According to the second aspect of the present invention, since the idle intake air amount adjusting valve provided in the bypass passage connecting the upstream side and the downstream side of the throttle valve is fully closed, the number of revolutions is reduced simply and reliably. be able to.

According to the third aspect of the present invention, since the ignition timing is retarded, the number of revolutions can be easily and reliably reduced.

According to the fourth aspect of the present invention, since the thinning ignition is performed, the number of revolutions can be easily and reliably reduced.

According to the fifth aspect of the present invention, since the ignition of any one of the plurality of cylinders is stopped, the rotational speed can be easily and reliably reduced.

According to the sixth aspect of the present invention, the idle speed control valve is fully closed, the ignition timing is retarded, the thinned ignition is stopped, and the ignition is stopped. Can be reduced.

[Brief description of the drawings]

FIG. 1 is a configuration diagram of a control system.

FIG. 2 is a side view of the engine of FIG.

FIG. 3 is a plan view of FIG. 2;

FIG. 4 is a block diagram of rotation control of the outboard motor.

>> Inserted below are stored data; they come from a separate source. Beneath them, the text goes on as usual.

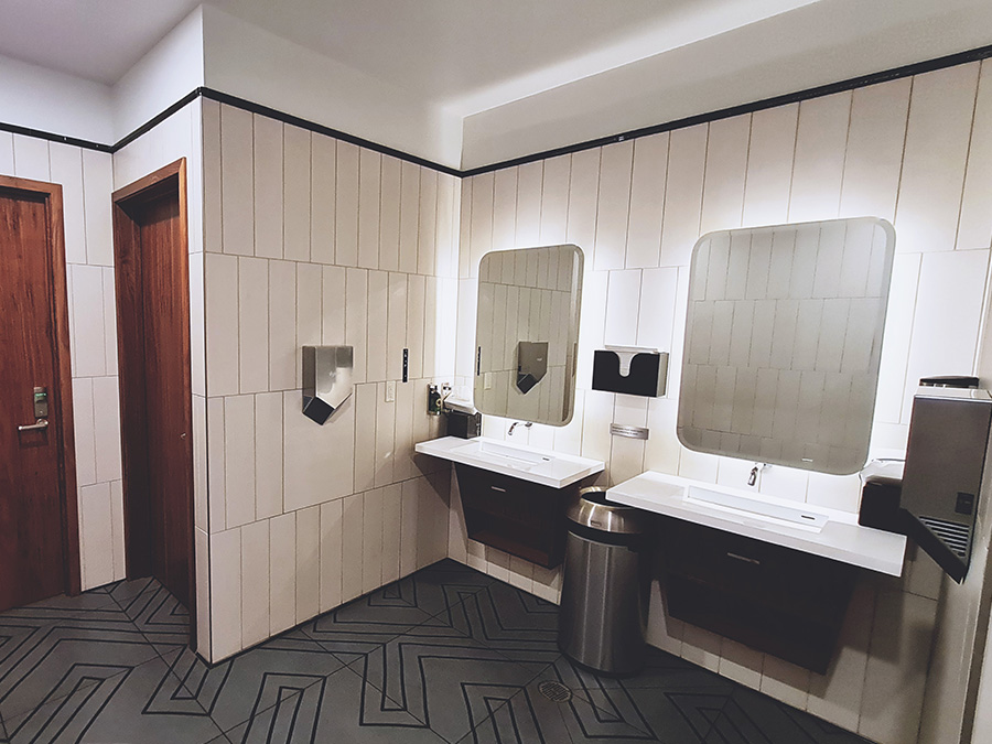 Hinter dem Buffetbereich finden sich die sanitären Einrichtungen, die einen ordentlichen Eindruck gemacht haben. Dort gab es die lecker duftende Lotion von L’Occitane.
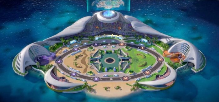 我到現在好像只玩到一張5V5的地圖“黎莫特競技場”?就先聊聊這個吧。黎莫特競技場分為上路、下路和中間區域,是一張軸對稱的鏡像地圖——無論在哪一方,上路和下路都是固定的,地圖左右兩方的資源也是完全一致的。這個設定和王者峽谷的中心對稱有一些區別。
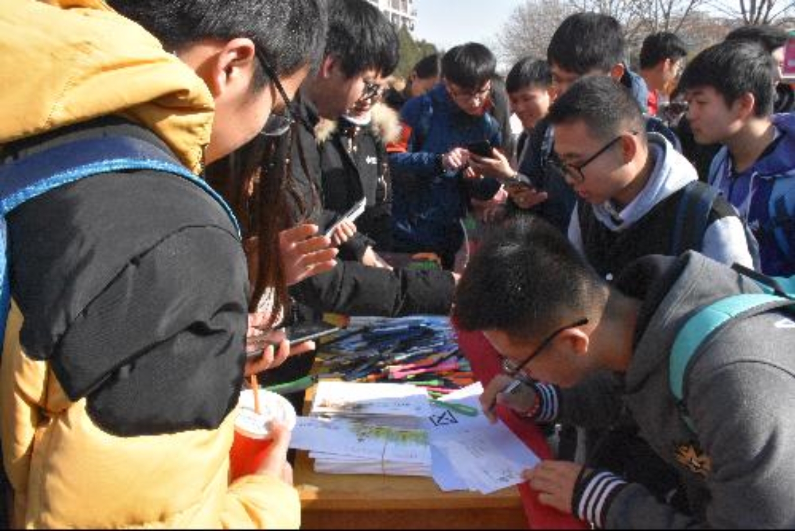 还未放学,工作人员便早早支起了三张桌子,静候着学生下课。右边第一张桌子放的是说说集赞的礼物,剩下两张桌子则放了许多明信片,以供学生们填写。下课后,很快,桌子旁边便被学生们围得水泄不通。工作人员明信片一张接着一张地发出去,同学们认真的将自己对母校的思念写在这一张张明信片上,而工作人员则将写好的明信片收好,以便于之后寄出。
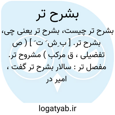 بشرح تر. [ ب ِش َ ت َ ] ( ص تفضیلی، ق مرکب ) مشروح تر. مفصل تر: سالار بشرح تر گفت، امیر در خشم شد و گفت بس عجب باشد که بدین آسانی مردم توان کشت. ( تاریخ بیهقی ).
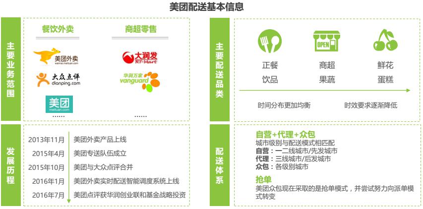 2017年初,美团外卖配送日订单量已经超过900万单,美团配送团队完成的订单比例逐步提升,配送能力日渐增强。基于美团外卖入驻商家类型的多元化,美团配送的品类也在不断扩展。为快速开拓三四线城市的市场,美团外卖采用“自建+加盟代理+众包”的运力组织形式,适应不同市场的需要。
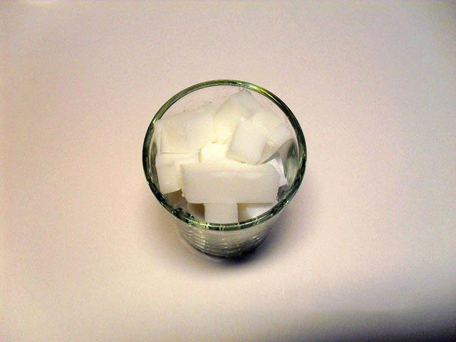 2. Разложите первую часть мыльной нарезки в емкость для плавления, к примеру в стопку, расплавьте в микроволновой печи на большом режиме
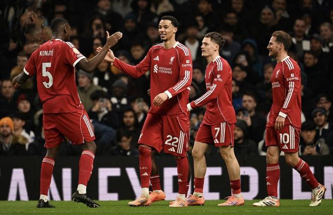 利物浦最近四輪保持不敗,積分榜排名第8,少賽一場(chǎng)落后榜首11分,衛(wèi)冕希望并不大了。熱刺表現(xiàn)同樣不佳,前16輪6勝4平6負(fù),僅排在第13位,下賽季歐冠資格懸了。歷史交手戰(zhàn)績(jī)方面,最近12次交手,利物浦8勝2平2負(fù)占據(jù)優(yōu)勢(shì),特別是上賽季利物浦主客場(chǎng)雙殺熱刺,兩場(chǎng)比賽打進(jìn)11球。利物浦繼續(xù)4231陣型出戰(zhàn),?;倏隧斣阡h線,維爾茨、麥卡利斯特和索博斯洛伊緊隨其后,瓊斯和赫拉芬貝赫搭檔后腰,后衛(wèi)線依次為凱爾凱茲、范戴克、科納特和布拉德利,門(mén)將位置依然是阿利松。
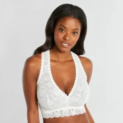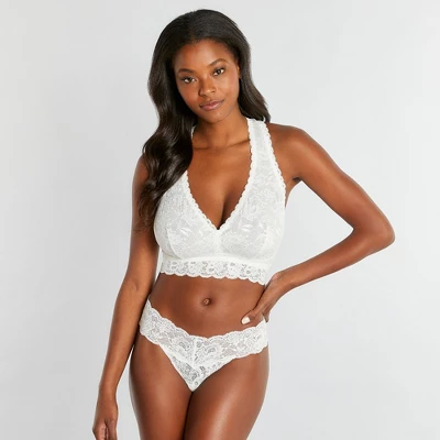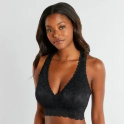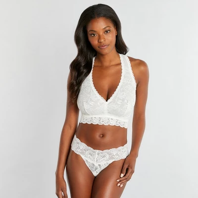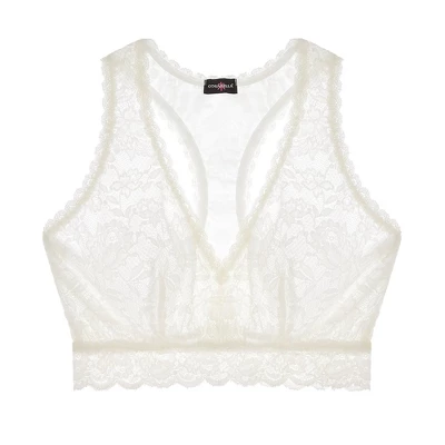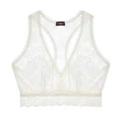 Receive all-day support and comfort with the Cosabella Never Say Never Curvy Racie Racerback Bralette. This bralette is specifically made for larger cup sizes with a smaller band. This wireless bralette style has a racerback design, made with Cosabella’s signature floral lace. Complete with a deep V neckline and scalloped edge trim for a flirty look.
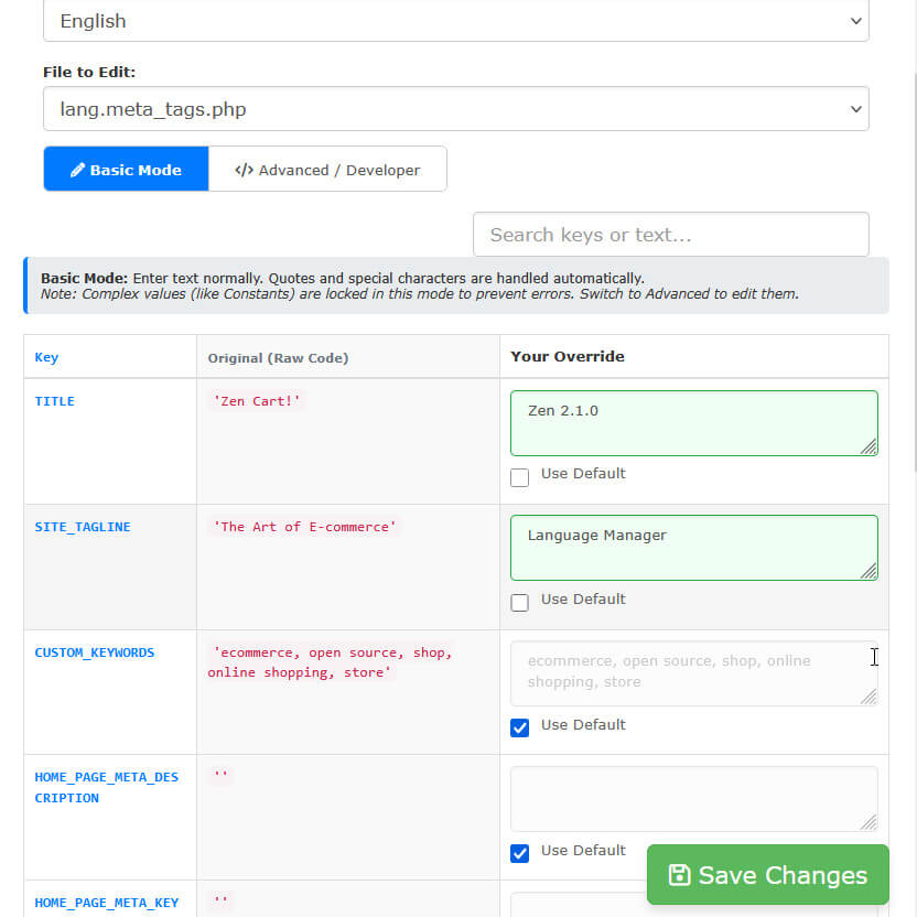 - Advanced Mode: Full raw PHP editing for developers who need to use constants (e.g., 'Text ' . STORE_NAME).
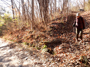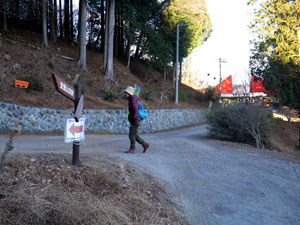 「宝登山神社」を参拝して往路を戻り、「←宝登山2.8km」標識に従い、簡易舗装路を西へ上っていく。 |
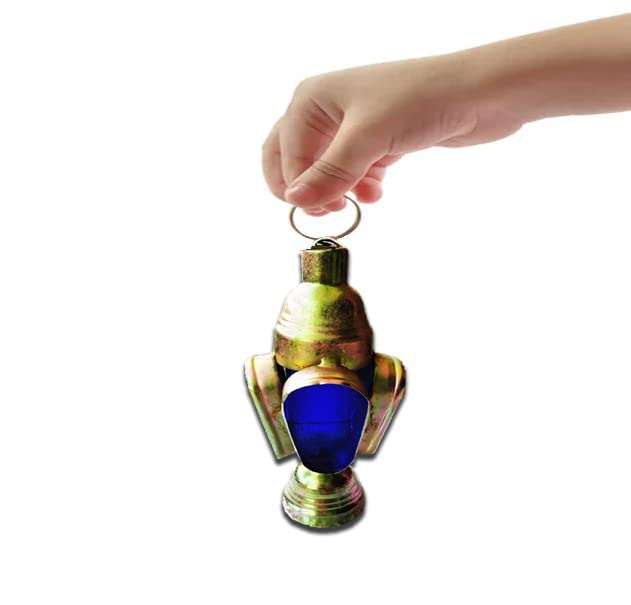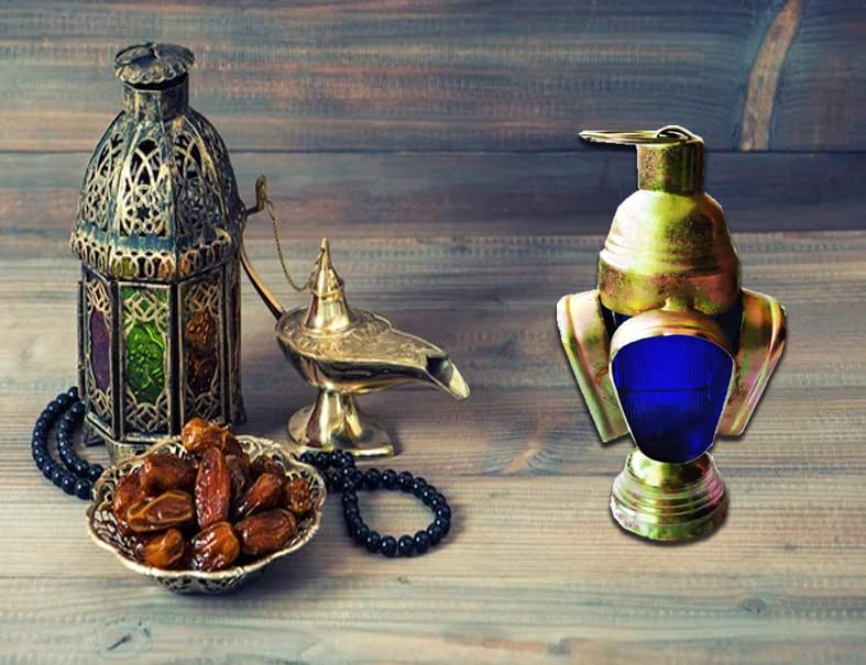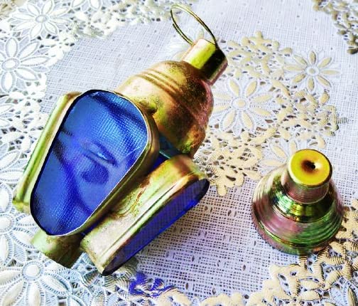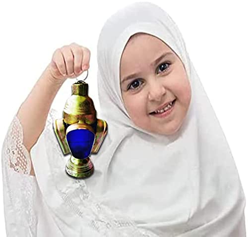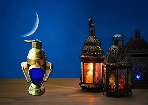 Year - فانوس رمضان صغير مصنوع يدويا من المعدن المشمع - 6 سم × 7 سم (زجاج ازرق)
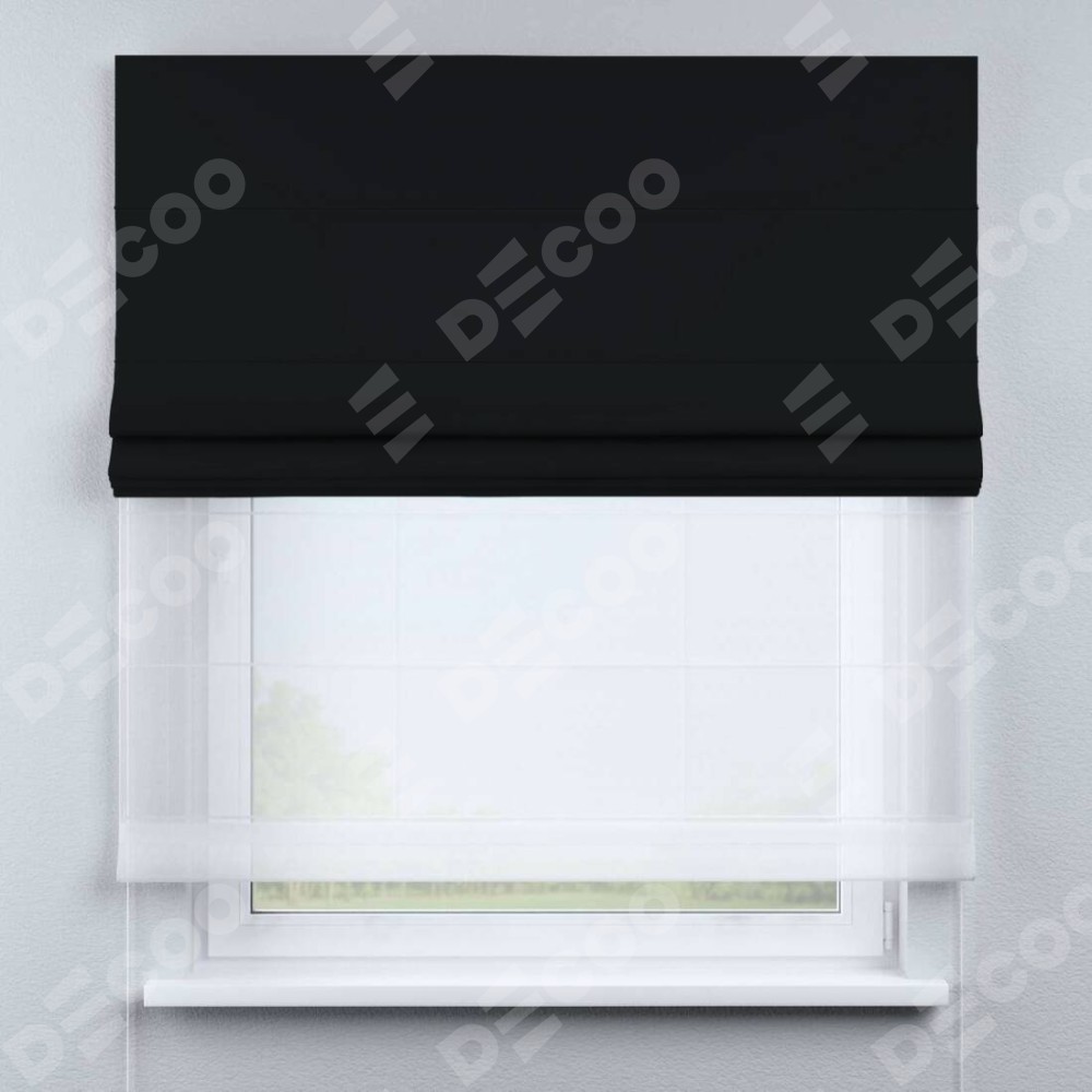 Двойная римская штора «День-ночь» от производителя Cortin предназначена для использования в проёмах. Эта штора уникальна тем, что состоит из двух полотен. На лицевой стороне находится однотонный блэкаут черный (артикул: 37), обеспечивающий эффективное затемнение. В комплект также входит вторая ткань — легкий белый тюль (артикул: V-01), который добавляет изящества и легкости оформлению окна. Кроме того, доступны и другие разновидности ткани тюль, выбор которых доступен по  ссылке .
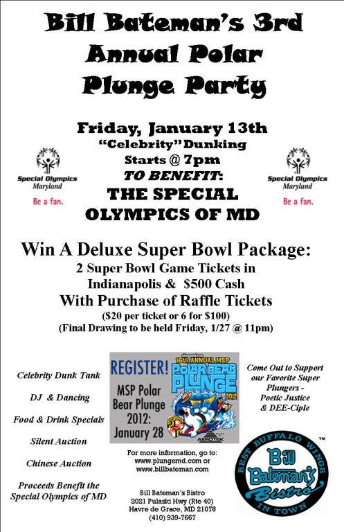 Come out and support the Special Olympics of MD and get an early practice dunk at the 3rd Annual Polar Patio Plunge at Bill Bateman's Bistro in Havre de Grace. There will be drink specials, auctions a dj and more. We hope to see you there!
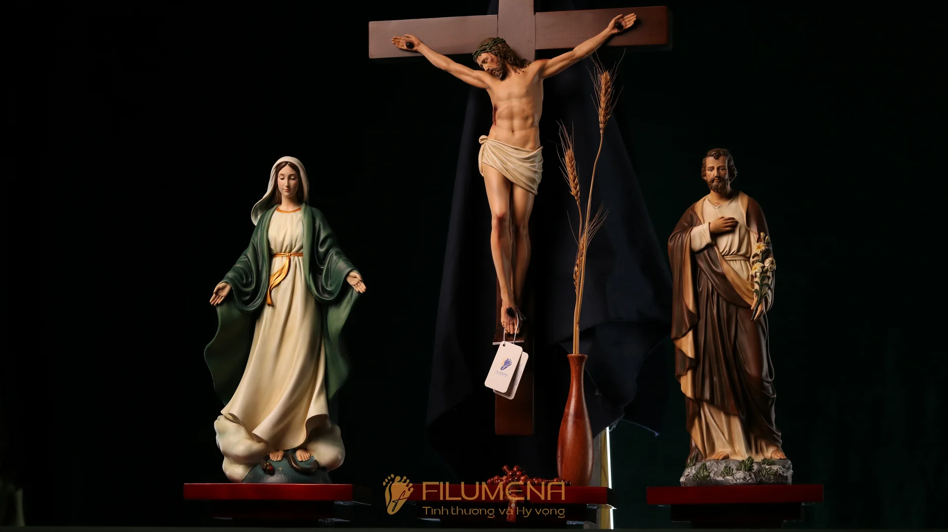 Bộ bàn thờ Chúa bằng gỗ 3 kệ 3 tầng được thiết kế cho bộ 3 tượng Công giáo Filumena. Xin vui lòng xem thêm thông tin về các tác phẩm tượng Công giáo Filumena đi cùng với bàn thờ này.

FIG. 5 is a flowchart of rotation control of the outboard motor.

[Explanation of symbols]

 DESCRIPTION OF SYMBOLS 1 Outboard motor 4 Propulsion device 6 Engine 10b Forward bevel gear 10c Reverse bevel gear 11 Propulsion shaft 15 Forward / reverse switching device 17 Throttle valve 42 Engine control unit 100 Speed control means

Continued on the front page F-term (reference) 3G019 AA05 AA10 AC09 BB18 CB01 GA05 GA08 GA09 GA11 GA13 GA20 3G022 AA00 CA00 DA02 DA07 GA01 GA05 GA07 GA08 GA09 GA11 GA20 3G084 AA08 BA06 BA16 BA17 CA08 DA03 FA02 FA06 FA10 FA3 FA30 FA33 FA33 KA07 KB10 LA00 LA04 NE23 PA07Z PA10Z PA11Z PA14Z PE01Z PE05Z PE08Z PF07Z

Claims (6)

[Claims] A throttle valve for controlling an intake flow rate;
An engine speed detecting means for detecting the engine speed, and a forward / reverse switching device for transmitting the output of the engine to the propulsion device. The forward / backward switching device propulses either the forward or reverse bevel gear by a dog clutch. In an outboard motor configured to be coupled to a shaft or not to both, a rotational speed control unit that reduces the rotational speed when the throttle valve is fully closed and the rotational speed is equal to or higher than a predetermined rotational speed after a predetermined time has elapsed. An outboard motor, comprising: 2. The system according to claim 1, wherein said rotation speed control means fully closes an idle intake air amount adjustment valve provided in a bypass passage connecting an upstream side and a downstream side of the throttle valve. Outboard motor. 3. The outboard motor according to claim 1, wherein said rotation speed control means retards the ignition timing. 4. The outboard motor according to claim 1, wherein said rotation speed control means performs thinning ignition. 5. The outboard motor according to claim 1, wherein said rotation speed control means suspends ignition of any one of the plurality of cylinders. 6. The system according to claim 1, wherein the rotation speed control means is a combination of any of a fully closed idle intake air amount adjustment valve, a retarded ignition timing, a thinned ignition, and a suspension of ignition. Outboard motor.